Once fault is detected device should not resume to normal working condition until and unless POWER is switch off for 30 Seconds.
If power is restored before 30 seconds ( after switching OFF ) it again goes in Fault state.
Device do not contain any battery and carry 56F8037 micro controller on board.
Solution 1:
I am thinking to charge a capacitor using a transistor switch n a GPIO of micro;
once the fault is detected and once power is switch off it should get discharged through a resistor which will take approximately 30 seconds to drain.
Before powering ON device the voltage across capacitor will be sensed using a GPIO.
If it still high fault detector will enter in FAULTY state else resume normal.
Can anyone find out what risk am running with this??
Or a better direction to work..
I'm still unclear what you're trying to achieve. If the micro doesn't control the power why do you need it?
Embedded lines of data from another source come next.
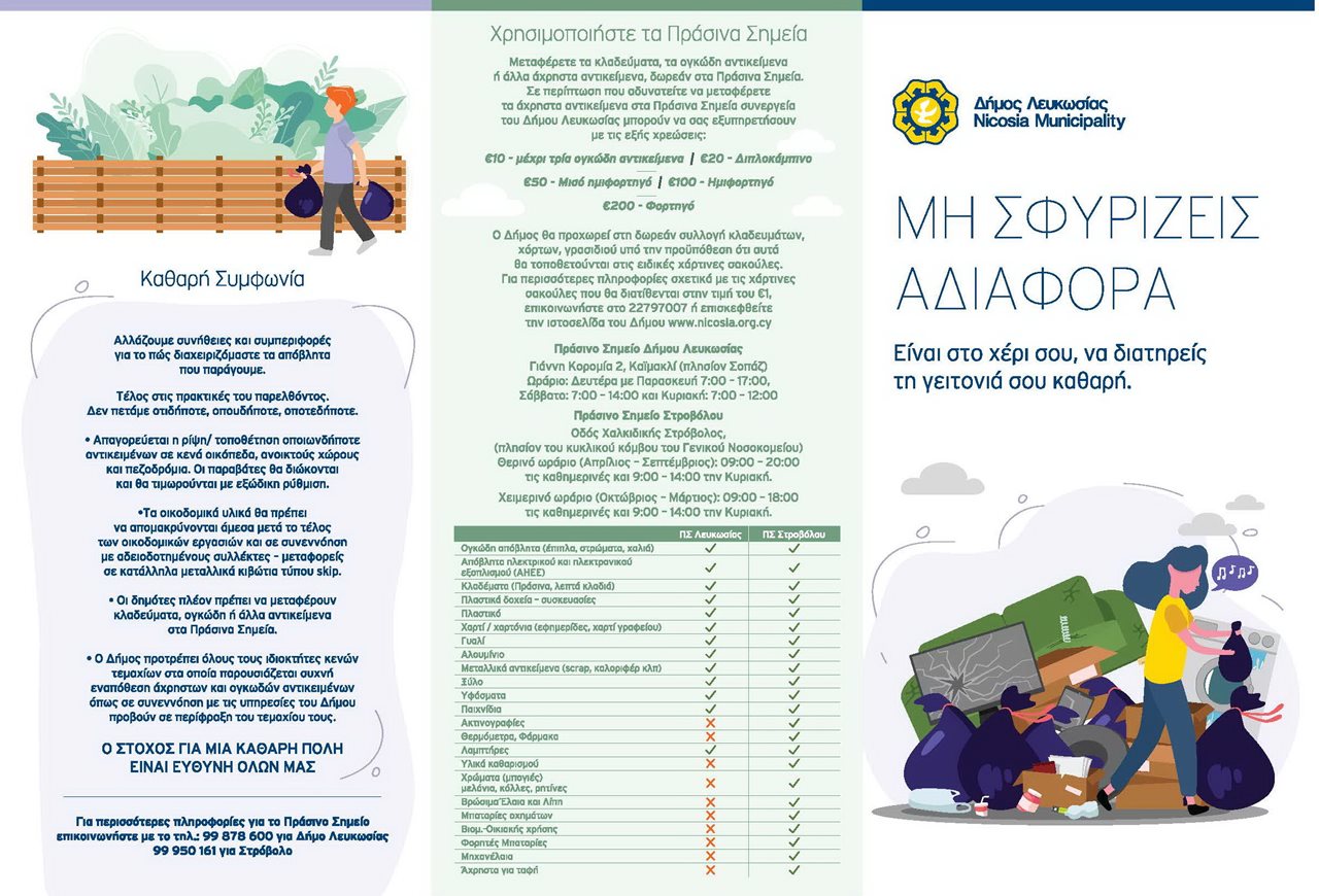 Υπενθυμίζεται ότι οι δημότες μπορούν να μεταφέρουν κλαδεύματα και αντικείμενα στο πράσινο σημείο του Δήμου Λευκωσίας που βρίσκεται στο χώρο του τμήματος Καθαριότητας, στην οδό Γιάννη Κορομία 2 στο Καϊμακλί και στο πράσινο σημείο Στροβόλου, στην οδό Χαλκιδικής – πλησίον του κυκλικού κόμβου του Γενικού Νοσοκομείου Λευκωσίας. Στα πράσινα σημεία παραλαμβάνονται δωρεάν διάφορες κατηγορίες αποβλήτων που προέρχονται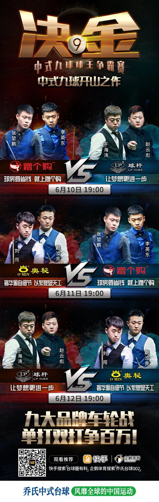 你方唱罢我方登场,6月10日,决金中式九球球王争霸赛开战,蹭个购商城战队、LP战队、奥秘战队将迎来新一轮的厮杀,锁定快手“台球圈有料”账号、企鹅体育“乔氏台球002”官方直播,看直播,抽大奖,精彩好礼拿到手软!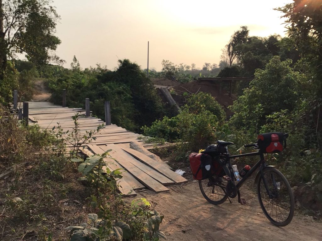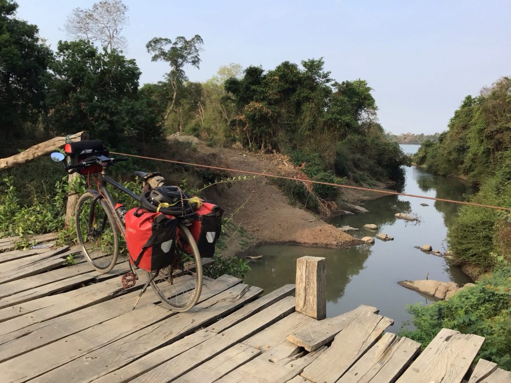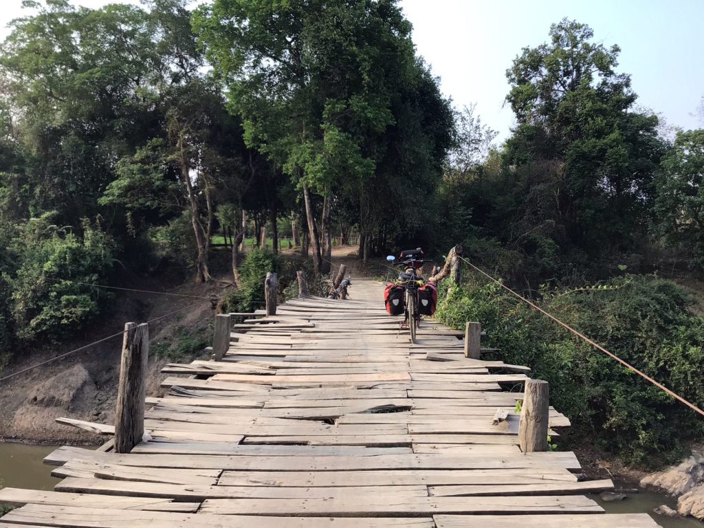 Et puis, il y a aussi les vieilles passerelles à franchir. Sans elle, aucune autre possibilité de continuer ma route longeant le Mékong que l’on aperçoit au fond.
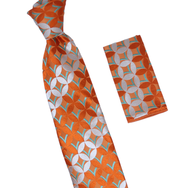 Barcelona Tile Tie & Pocket Square | 100% Silk | Rust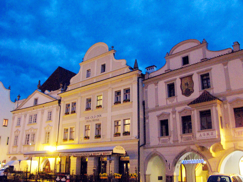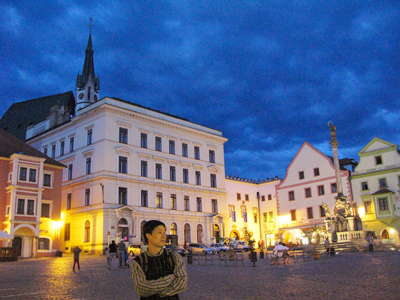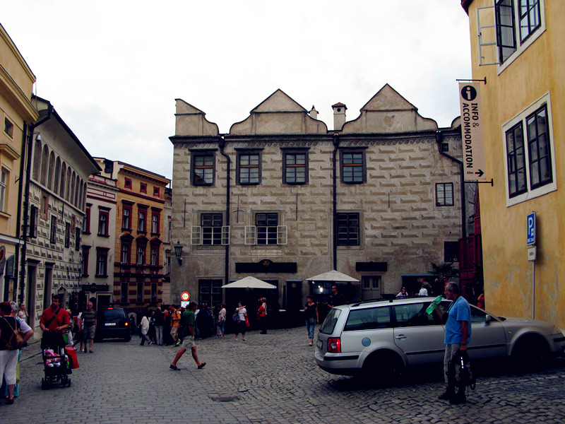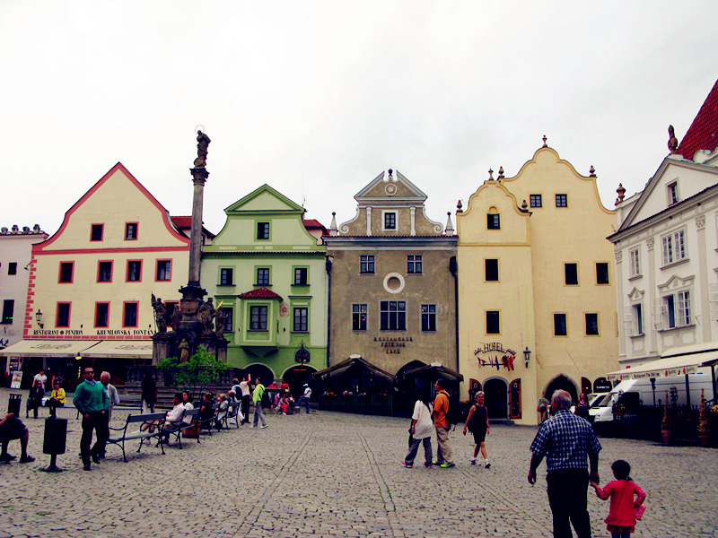 面的色彩,都充分表现了波西米亚人的浪漫,广场东南侧有一处喷泉和纪念黑死病逝者的圣像石柱,旁边白色的大楼是市政厅,墙上绘有文艺复兴纹饰,另外还有捷克的国徽、小镇的城徽以及埃根堡、施瓦岑贝格家族的族徽,游客中心也在广场一角。
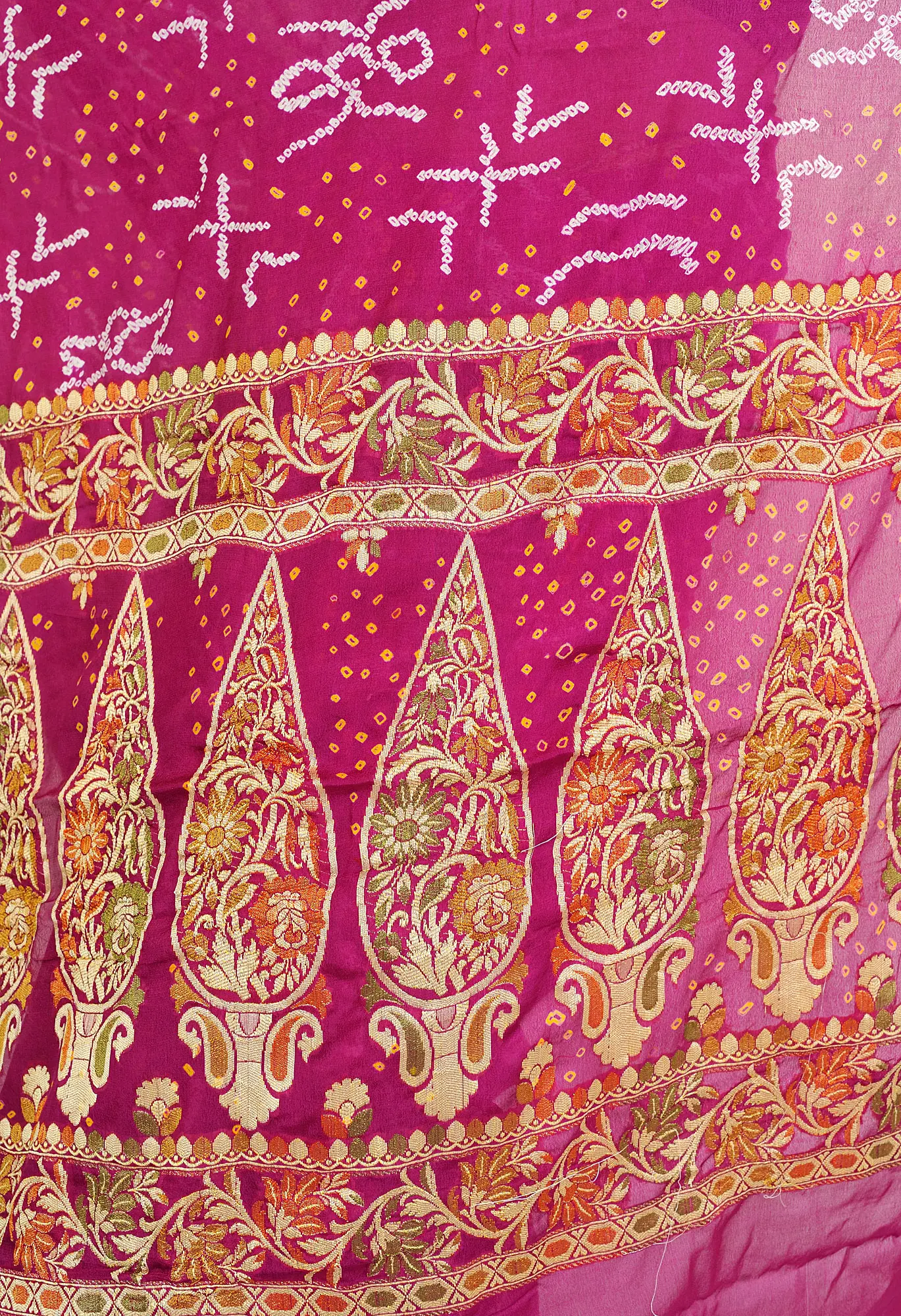 The Wild-Aster Bandhani Tie-Dye Sari from Jodhpur is a captivating testament to the beauty of Bandhani, a symbol of India's rich cultural heritage. Its tiny white dots, meticulously tied and dyed, along with the vibrant color choice, make it a quintessential representation of India's artistic richness. Crafted from luxurious crepe silk, this saree boasts a delightful balance of lovely hues. It's a tasteful choice for lovers of traditional Indian styles, where the texture of the fabric and the artistry of Bandhani combine to create a drape that's not just clothing, but a vibrant expression of tradition and elegance.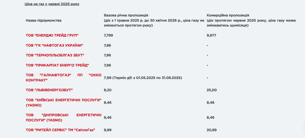 Годовые цены остальных поставщиков колеблются от 7,79 до 9,99 грн. за кубометр газа.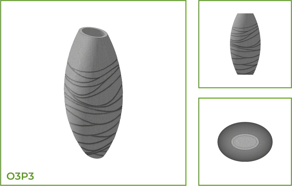 DESCRIPTION: The oval shaped pot represents a clean and simple design that is both elegant and contemporary and enlivens both interior and exterior spaces. This is available with interesting patterns like horizontal parallel rings, textures, thick horizontal parallel rings along the entire body, thin vertical wavy strands, and segments of thick slanting parallel lines.

Is it just a fault monitor which cancels a fault indication after 30 secs if the fault is no longer detected?
Yes..
Its fault detector who disables the fault once 30 seconds are over after switching off power.
The tricky part is of TIME..i.e. 30 Seconds
How electronics will come to know the power was switched off for min 30 seconds.
As micro is OFF no question of timers..
As batteries are not on board I can not use RTC to read and take time difference.
I am thinking to charge a capacitor using ( GPIO connected to Transistor base : A Switch ) drawing current from Vcc
Once fault is generated Switch will get activated and charge the capacitot and keep the switch open till power is available.
Once power is OFF, this capacitor will be drained by resistor connected to it to ground. ( Now I need to make sure the discharging time of this cap should be 30 seconds. need to control time constant )
On Powering ON micro will check for status of the capacitor charge using another GPIO; if it fully drained means 30 seconds of power off time has been done
Else will consider fault condition persists. ( In fault condition Vcc is available with some LED indication )
Using a cap for a 30 sec. timer is very iffy. If the cap or charge transistor fail the circuit will not work at all. IE there will be no voltage on the cap.
What exactly is your application?
I don't get it? You are using one of these correct? So why not employ the use of the uC totally in the fault loop? On fault detect the uC shuts things down. When fault is removed and no fault detect for 30 additional seconds the uC allows the process to resume.
What exactly in detail is the system and what defines a fault?